GIVEN INFORMATION below:

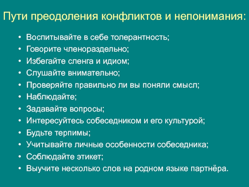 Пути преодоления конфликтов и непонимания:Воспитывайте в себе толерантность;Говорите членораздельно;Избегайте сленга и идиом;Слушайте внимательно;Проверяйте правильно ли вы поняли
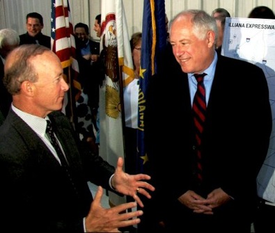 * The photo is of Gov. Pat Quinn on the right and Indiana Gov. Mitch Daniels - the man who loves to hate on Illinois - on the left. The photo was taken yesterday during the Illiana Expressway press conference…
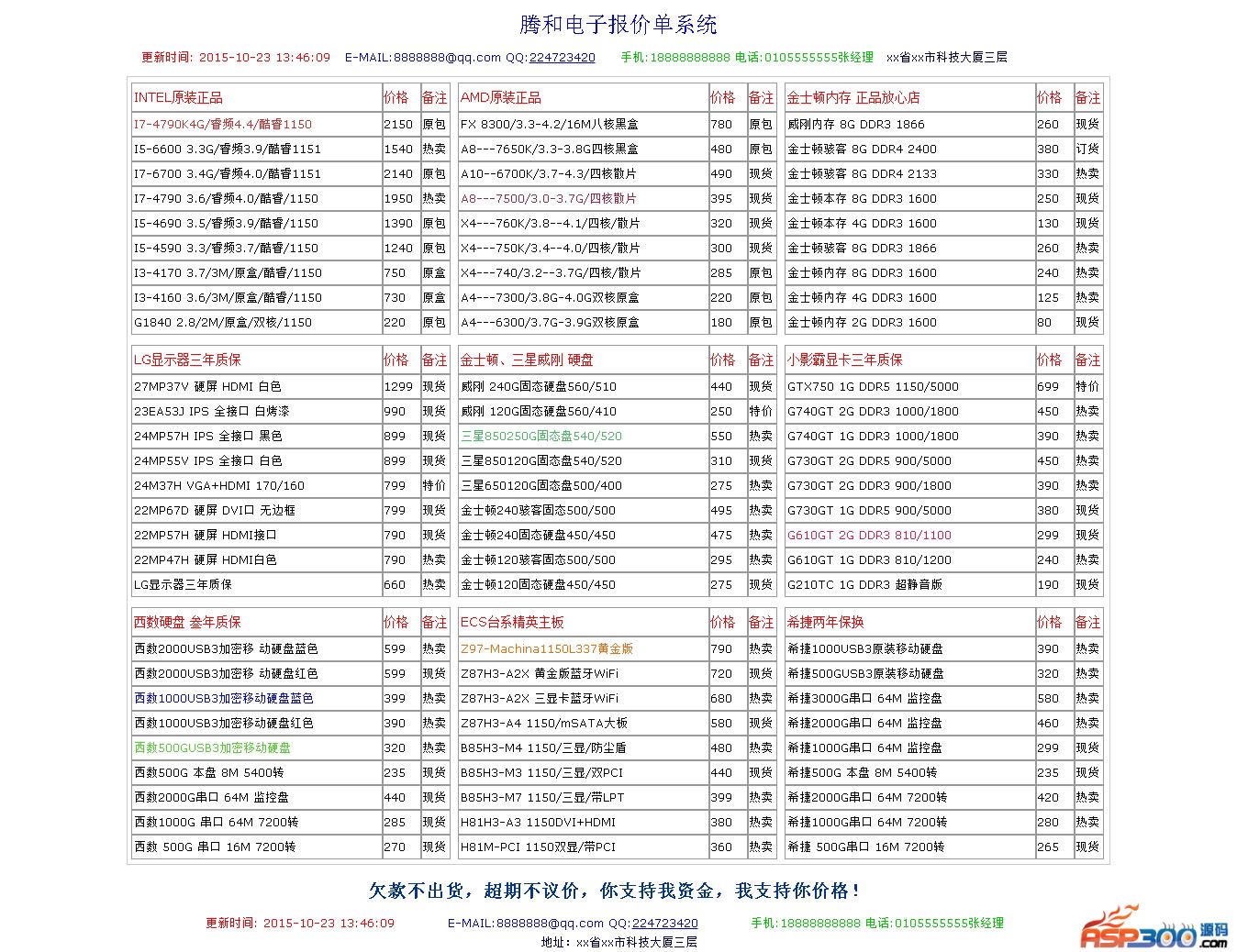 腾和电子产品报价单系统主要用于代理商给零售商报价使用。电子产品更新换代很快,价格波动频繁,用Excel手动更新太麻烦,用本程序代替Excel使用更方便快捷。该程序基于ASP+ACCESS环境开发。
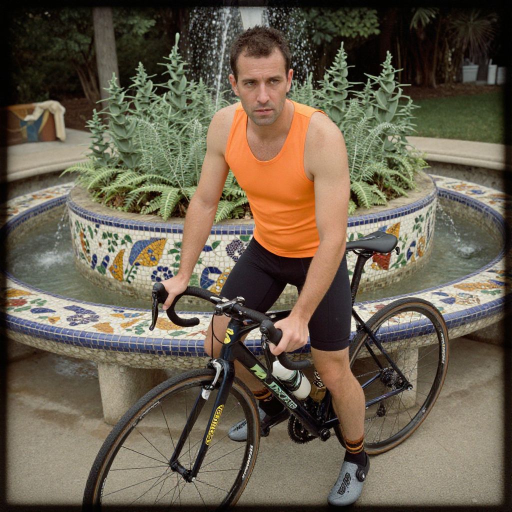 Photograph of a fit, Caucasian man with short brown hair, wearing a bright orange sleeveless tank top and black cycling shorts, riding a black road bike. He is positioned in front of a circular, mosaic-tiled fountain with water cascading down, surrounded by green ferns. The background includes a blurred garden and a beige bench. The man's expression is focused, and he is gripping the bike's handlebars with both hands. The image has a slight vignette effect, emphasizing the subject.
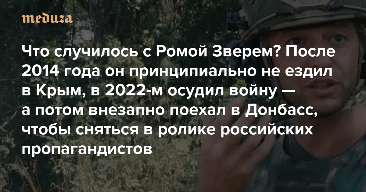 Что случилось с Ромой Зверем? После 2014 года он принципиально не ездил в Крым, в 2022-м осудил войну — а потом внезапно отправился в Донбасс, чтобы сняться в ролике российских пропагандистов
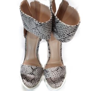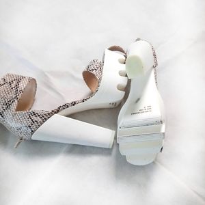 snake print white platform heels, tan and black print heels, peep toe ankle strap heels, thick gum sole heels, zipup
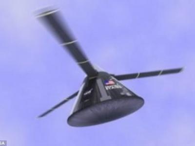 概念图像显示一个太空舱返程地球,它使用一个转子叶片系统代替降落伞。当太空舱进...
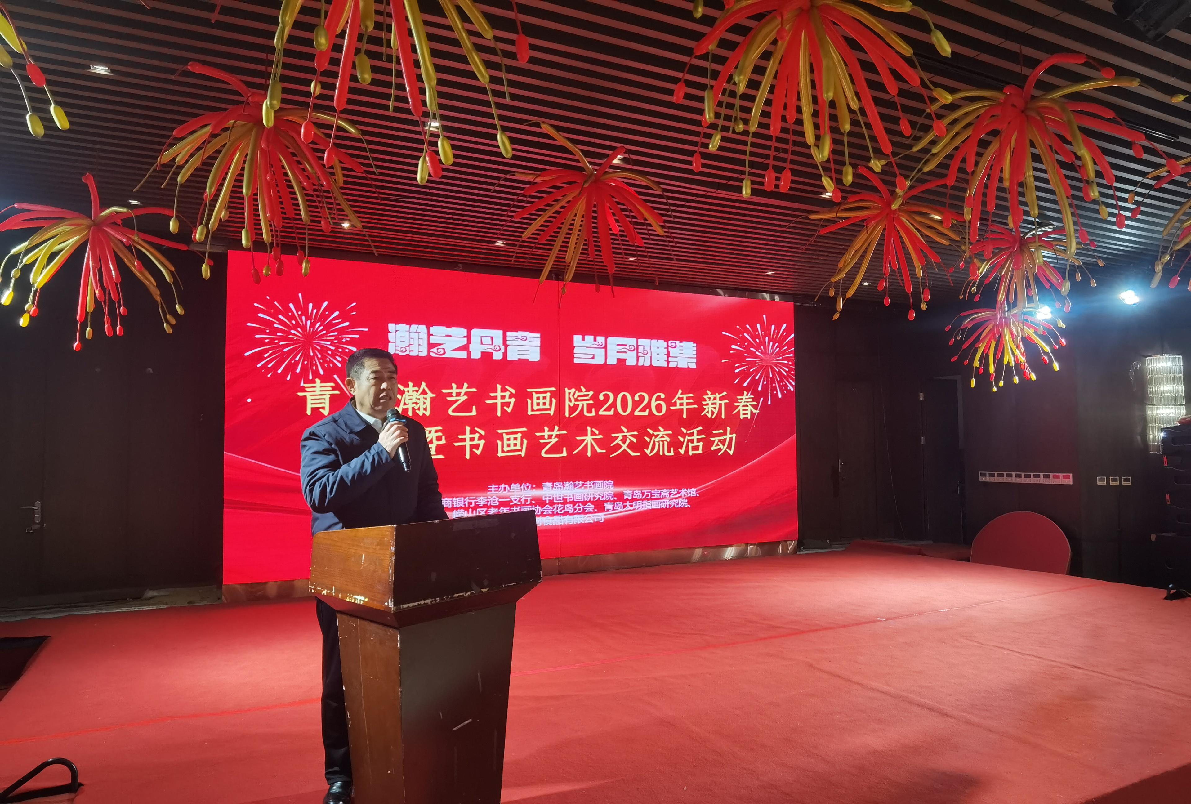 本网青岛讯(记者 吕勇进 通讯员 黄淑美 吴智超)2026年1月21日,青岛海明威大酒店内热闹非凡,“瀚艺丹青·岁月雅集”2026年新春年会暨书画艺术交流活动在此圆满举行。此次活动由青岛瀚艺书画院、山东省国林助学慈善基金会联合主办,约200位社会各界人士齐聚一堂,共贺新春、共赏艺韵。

End of GIVEN INFORMATION.

__REQUIRED WORK__.
Please reproduce the lines above from the one containing "腾和电子产品报价单系统主要用" through the final line, exactly and inclusively, leaving out each picture.

__RESULT FOR THIS TASK__.
 腾和电子产品报价单系统主要用于代理商给零售商报价使用。电子产品更新换代很快,价格波动频繁,用Excel手动更新太麻烦,用本程序代替Excel使用更方便快捷。该程序基于ASP+ACCESS环境开发。
 Photograph of a fit, Caucasian man with short brown hair, wearing a bright orange sleeveless tank top and black cycling shorts, riding a black road bike. He is positioned in front of a circular, mosaic-tiled fountain with water cascading down, surrounded by green ferns. The background includes a blurred garden and a beige bench. The man's expression is focused, and he is gripping the bike's handlebars with both hands. The image has a slight vignette effect, emphasizing the subject.
 Что случилось с Ромой Зверем? После 2014 года он принципиально не ездил в Крым, в 2022-м осудил войну — а потом внезапно отправился в Донбасс, чтобы сняться в ролике российских пропагандистов
 snake print white platform heels, tan and black print heels, peep toe ankle strap heels, thick gum sole heels, zipup
 概念图像显示一个太空舱返程地球,它使用一个转子叶片系统代替降落伞。当太空舱进...
 本网青岛讯(记者 吕勇进 通讯员 黄淑美 吴智超)2026年1月21日,青岛海明威大酒店内热闹非凡,“瀚艺丹青·岁月雅集”2026年新春年会暨书画艺术交流活动在此圆满举行。此次活动由青岛瀚艺书画院、山东省国林助学慈善基金会联合主办,约200位社会各界人士齐聚一堂,共贺新春、共赏艺韵。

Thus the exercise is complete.